WHAT YOU NEED TO DO =
Please output the entries that follow exactly, without a single image.

● ● ● ● ●

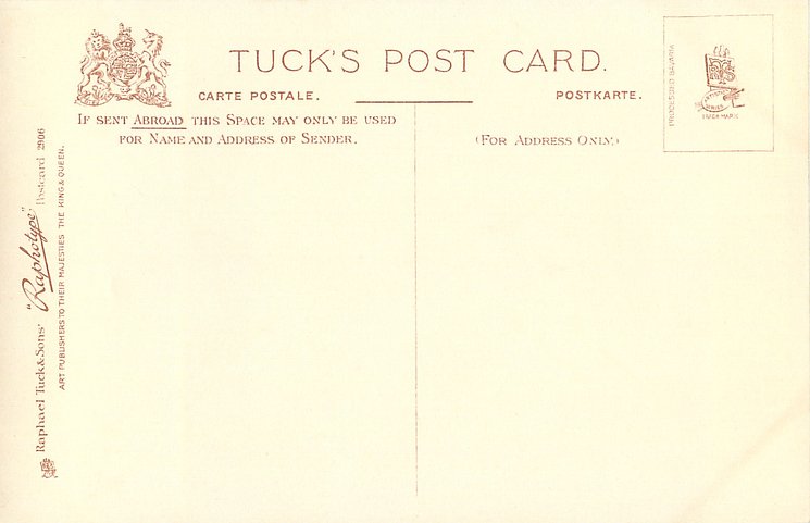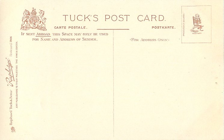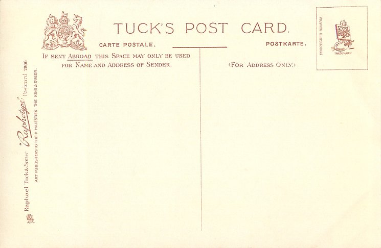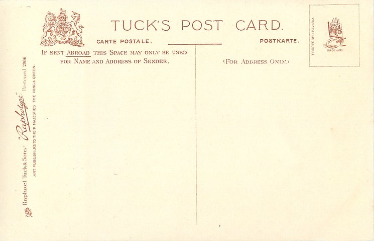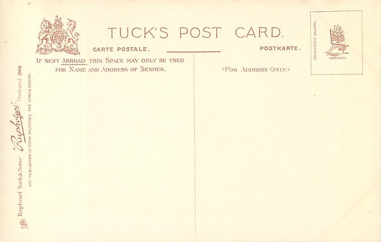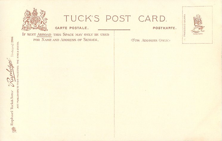 monochrome, RAPHOTYPE, PRODUCED IN BAVARIA, same images in sepia 2802, listed in 1904 POSTCARD Catalogue
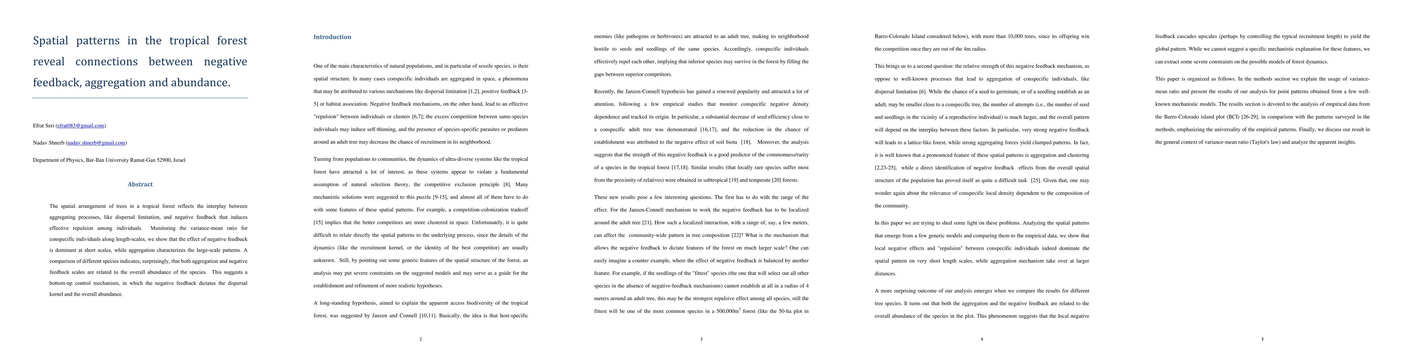 The spatial arrangement of trees in a tropical forest reflects the interplay between aggregating processes, like dispersal limitation, and negative feedback that induces effective repulsion among individuals. Monitoring the variance-mean ratio for conspecific individuals along length-scales, we show that the effect of negative feedback is dominant at short scales, while aggregation characterizes the large-scale patterns. A comparison of different species indicates, surprisingly, that both aggregation and negative feedback scales are related to the overall abundance of the species. This suggests a bottom-up control mechanism, in which the negative feedback dictates the dispersal kernel and the overall abundance.
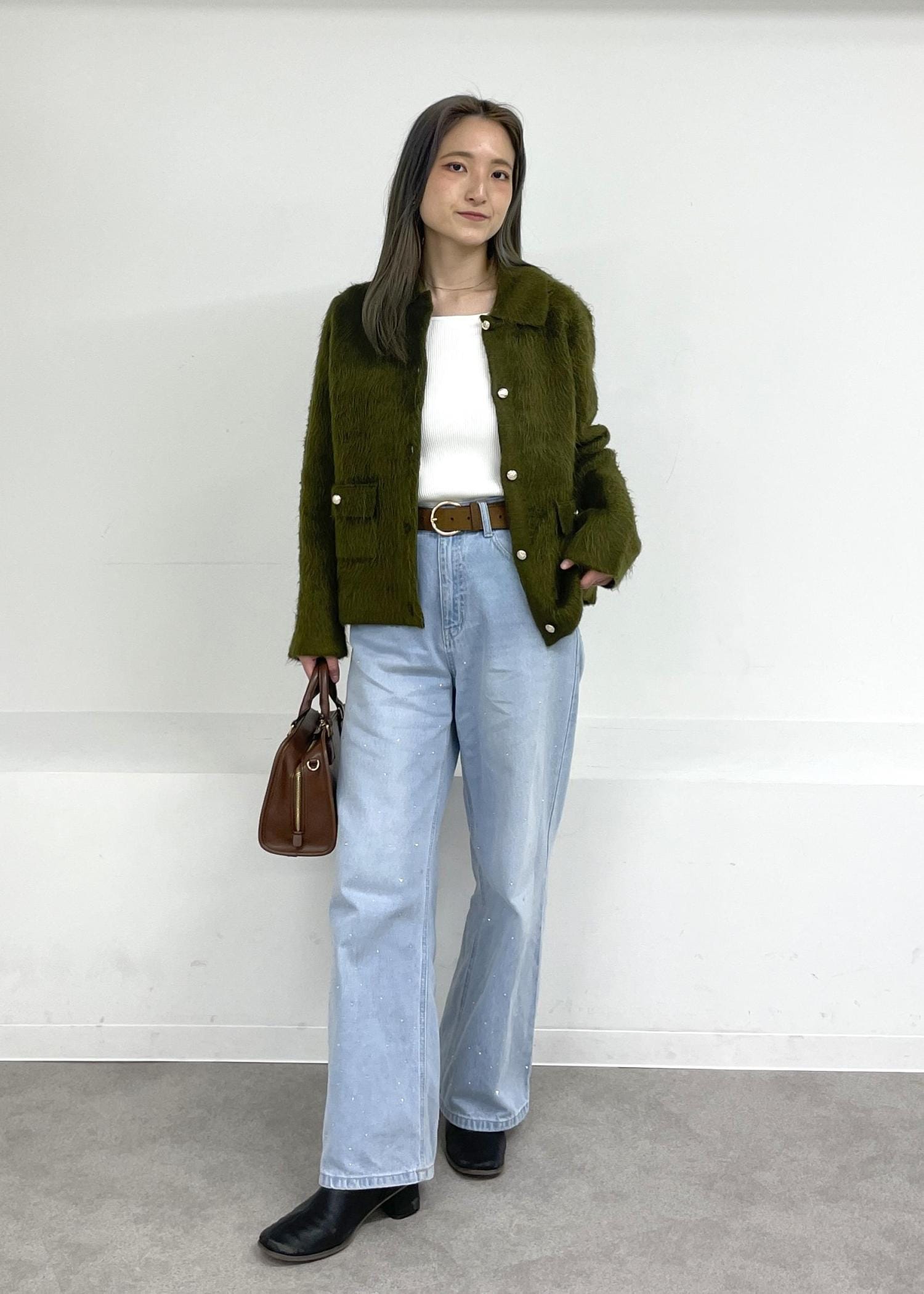 ショート丈でビビッドなカラーが映えるTシャツに、キャップやミニバッグを合わせてスポーティーなコーディネートに仕上げました!綺麗なストレートラインのデニムで女性らしさもプラスされています♡
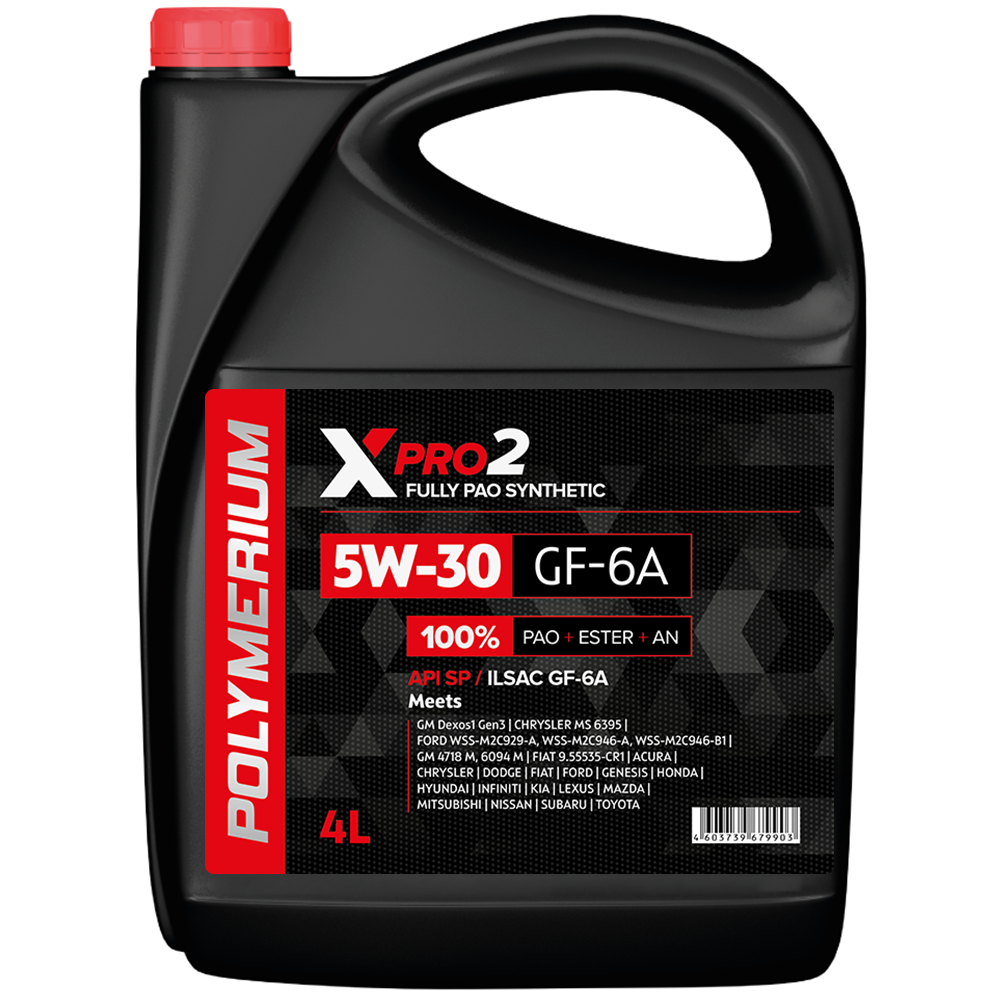 Всесезонное полностью синтетическое масло POLYMERIUM XPRO2 созданное из лучших базовых ПАО и эстеровых масел, с добавлением мощного пакета присадок. Соответствует классу API SP и ILSAC GF-6А. XPRO2 - масла топового уровня, превосходящие аналоги по техническим характеристикам, составу и цене. Полностью PAO база + 15-20% эстеров в составе. Улучшенные противоизносные свойства, добавление органического MOdtc. Превосходные низкотемпературные показатели (не замерзает до - 65 градусов) и лучшая стойкость к угару/испарению, за счет базовых PAO масел. Подходит для автомобилей Honda, Mazda, Subaru, Toyota с бензиновыми двигателями, и другими с классом допуска GF-6A.API SP | ILSAC GF-6A | Ford WSS-M2C929-A, WSS-M2C946-A, WSS-M2C946-B1 | GM Dexos1 Gen2, 4718 M, 6094 M | FIAT 9.55535-CR1 | Chrysler MS-6395 | ACURA | CHRYSLER | DODGE | FIAT | FORD | GENESIS | HONDA | HYUNDAI | INFINITI | KIA | LEXUS | MAZDA | NISSAN | MITSUBISHI | SUBARU | TOYOTA
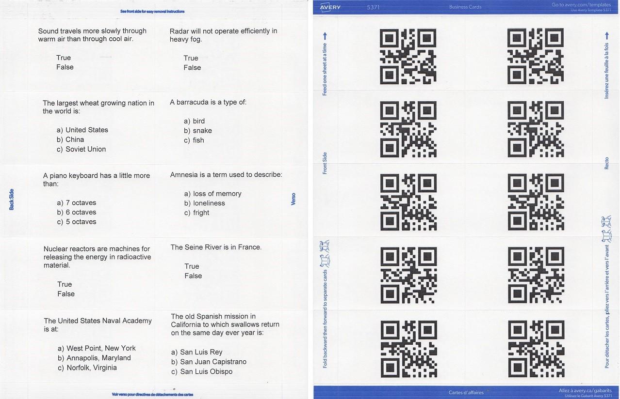 Remember, since the QR codes will be printed on the back of the question cards, that the QR code for the left question must be on the right side of the answer sheet and vice-versa. Seen here are the front of the printed sheet on the left and back on the right.
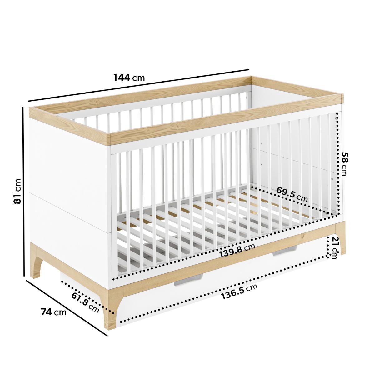All-in-one bundle includes a cot that grows with your baby, a space-saving changing unit, and a high-quality mattress for a comfortable sleep. The cot features an adjustable base to reduce back strain and easily converts into a toddler bed offering long-term value. Three adjustable base heights make lifting your baby in and out easy, while a built-in storage drawer keeps essentials organised. The Sleepful fibre mattress offers firm, breathable, and hypoallergenic support, keeping your baby safe and comfortable. Water-resistant and abrasion-resistant mattress is built to last, while the cot and changer meet the highest British safety standards, ensuring peace of mind for parents. Create a cosy nursery for your little one with the Rue cot bed paired with Sleepful hypoallergenic, fully breathable, firm and comfortable fibre mattress. The cot bed features a storage drawer and teething rails. It has 3 adjustable cot base heights, enabling you to lift baby in and out with ease. It's suitable from birth and the 2-in-1 design converts into a toddler bed to last until approximately four years old and will even fit a standard bed guard. The Sleepful fibre cot mattress is hypoallergenic, breathable, firm and comfortable. It has an Eco-fibre core that cradles the baby in cloudlike comfort while providing the recommended level of firmness for safe sleep. The softly quilted fabric is fully breathable and encourages natural airflow to help maintain a comfortable sleeping climate for baby. Water-resistant, durable and abrasion-resistant for extra-long life use. All Sleepful nursery mattresses are made for safer sleep, and tested to the highest British Standards for flammability (BS 7177:2008+A1:2011), performance and safety (BS EN 16890).
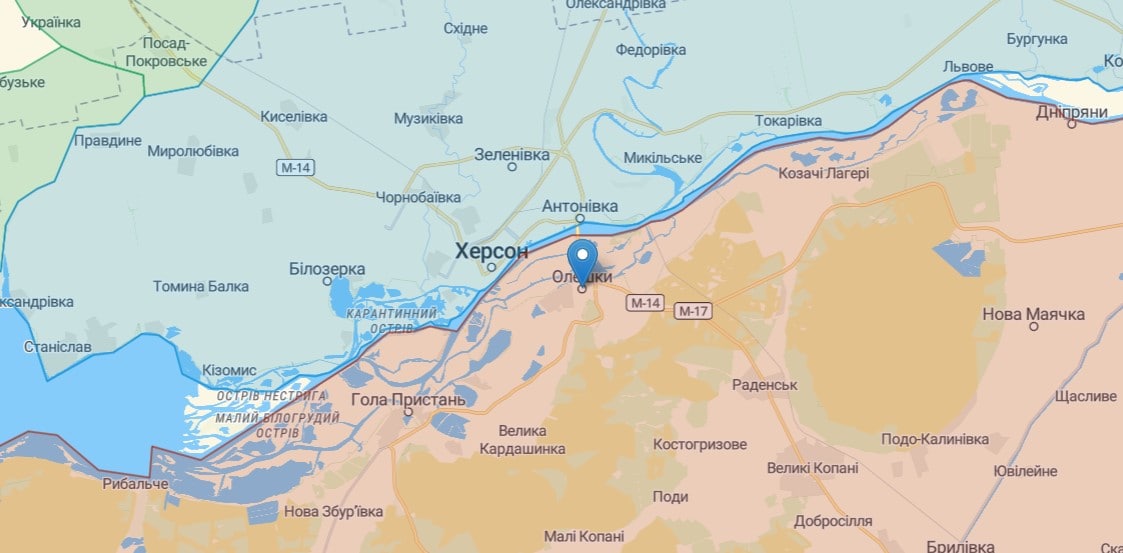 Збройні Сили України, як випливає з повідомлень у соцмережах, ймовірно увійшли до міста Олешки, яке знаходиться на лівому березі Дніпра, за кілька кілометрів від деокупованого 11 листопада Херсона.
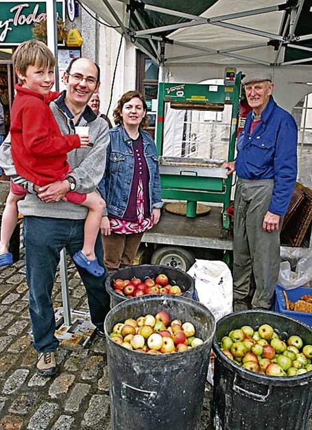 APPLE PRESSING: Pictured above are Michael Browne, with son Miles Browne, from Launceston, Clare Tamplin from Rezare, and Tony Atkinson, Tamar Valley Orchard Volunteers, all taking part in the successful Apple Pressing Day.
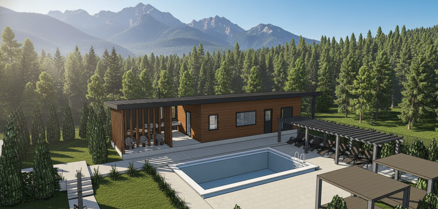 barndominium exterior shot houses in a forest in mountain sunny morning black metal roof black windows black doors wood accent and wooden finishes water in the pool architecture
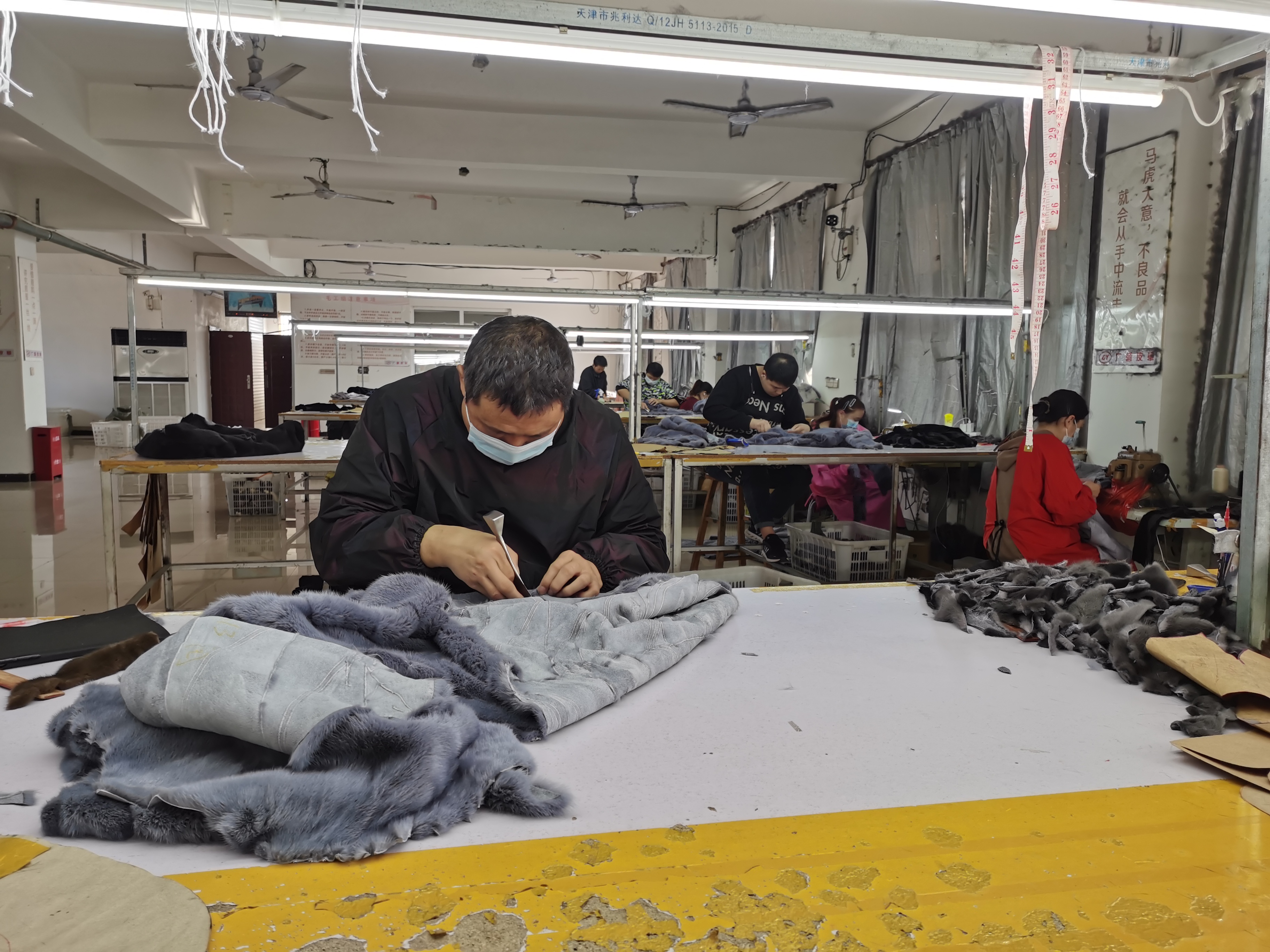 达盛源皮草制品有限公司的车间内,机器轰鸣,工人们正忙着为即将到来的销售旺季赶制新款皮草服装。在产品展示区,一件件融合了现代设计与传统工艺的皮草服饰陈列其间,光泽柔顺、款式新颖。

● ● ● ● ●

TASK OUTPUT =
 monochrome, RAPHOTYPE, PRODUCED IN BAVARIA, same images in sepia 2802, listed in 1904 POSTCARD Catalogue
 The spatial arrangement of trees in a tropical forest reflects the interplay between aggregating processes, like dispersal limitation, and negative feedback that induces effective repulsion among individuals. Monitoring the variance-mean ratio for conspecific individuals along length-scales, we show that the effect of negative feedback is dominant at short scales, while aggregation characterizes the large-scale patterns. A comparison of different species indicates, surprisingly, that both aggregation and negative feedback scales are related to the overall abundance of the species. This suggests a bottom-up control mechanism, in which the negative feedback dictates the dispersal kernel and the overall abundance.
 ショート丈でビビッドなカラーが映えるTシャツに、キャップやミニバッグを合わせてスポーティーなコーディネートに仕上げました!綺麗なストレートラインのデニムで女性らしさもプラスされています♡
 Всесезонное полностью синтетическое масло POLYMERIUM XPRO2 созданное из лучших базовых ПАО и эстеровых масел, с добавлением мощного пакета присадок. Соответствует классу API SP и ILSAC GF-6А. XPRO2 - масла топового уровня, превосходящие аналоги по техническим характеристикам, составу и цене. Полностью PAO база + 15-20% эстеров в составе. Улучшенные противоизносные свойства, добавление органического MOdtc. Превосходные низкотемпературные показатели (не замерзает до - 65 градусов) и лучшая стойкость к угару/испарению, за счет базовых PAO масел. Подходит для автомобилей Honda, Mazda, Subaru, Toyota с бензиновыми двигателями, и другими с классом допуска GF-6A.API SP | ILSAC GF-6A | Ford WSS-M2C929-A, WSS-M2C946-A, WSS-M2C946-B1 | GM Dexos1 Gen2, 4718 M, 6094 M | FIAT 9.55535-CR1 | Chrysler MS-6395 | ACURA | CHRYSLER | DODGE | FIAT | FORD | GENESIS | HONDA | HYUNDAI | INFINITI | KIA | LEXUS | MAZDA | NISSAN | MITSUBISHI | SUBARU | TOYOTA
 Remember, since the QR codes will be printed on the back of the question cards, that the QR code for the left question must be on the right side of the answer sheet and vice-versa. Seen here are the front of the printed sheet on the left and back on the right.
All-in-one bundle includes a cot that grows with your baby, a space-saving changing unit, and a high-quality mattress for a comfortable sleep. The cot features an adjustable base to reduce back strain and easily converts into a toddler bed offering long-term value. Three adjustable base heights make lifting your baby in and out easy, while a built-in storage drawer keeps essentials organised. The Sleepful fibre mattress offers firm, breathable, and hypoallergenic support, keeping your baby safe and comfortable. Water-resistant and abrasion-resistant mattress is built to last, while the cot and changer meet the highest British safety standards, ensuring peace of mind for parents. Create a cosy nursery for your little one with the Rue cot bed paired with Sleepful hypoallergenic, fully breathable, firm and comfortable fibre mattress. The cot bed features a storage drawer and teething rails. It has 3 adjustable cot base heights, enabling you to lift baby in and out with ease. It's suitable from birth and the 2-in-1 design converts into a toddler bed to last until approximately four years old and will even fit a standard bed guard. The Sleepful fibre cot mattress is hypoallergenic, breathable, firm and comfortable. It has an Eco-fibre core that cradles the baby in cloudlike comfort while providing the recommended level of firmness for safe sleep. The softly quilted fabric is fully breathable and encourages natural airflow to help maintain a comfortable sleeping climate for baby. Water-resistant, durable and abrasion-resistant for extra-long life use. All Sleepful nursery mattresses are made for safer sleep, and tested to the highest British Standards for flammability (BS 7177:2008+A1:2011), performance and safety (BS EN 16890).
 Збройні Сили України, як випливає з повідомлень у соцмережах, ймовірно увійшли до міста Олешки, яке знаходиться на лівому березі Дніпра, за кілька кілометрів від деокупованого 11 листопада Херсона.
 APPLE PRESSING: Pictured above are Michael Browne, with son Miles Browne, from Launceston, Clare Tamplin from Rezare, and Tony Atkinson, Tamar Valley Orchard Volunteers, all taking part in the successful Apple Pressing Day.
 barndominium exterior shot houses in a forest in mountain sunny morning black metal roof black windows black doors wood accent and wooden finishes water in the pool architecture
 达盛源皮草制品有限公司的车间内,机器轰鸣,工人们正忙着为即将到来的销售旺季赶制新款皮草服装。在产品展示区,一件件融合了现代设计与传统工艺的皮草服饰陈列其间,光泽柔顺、款式新颖。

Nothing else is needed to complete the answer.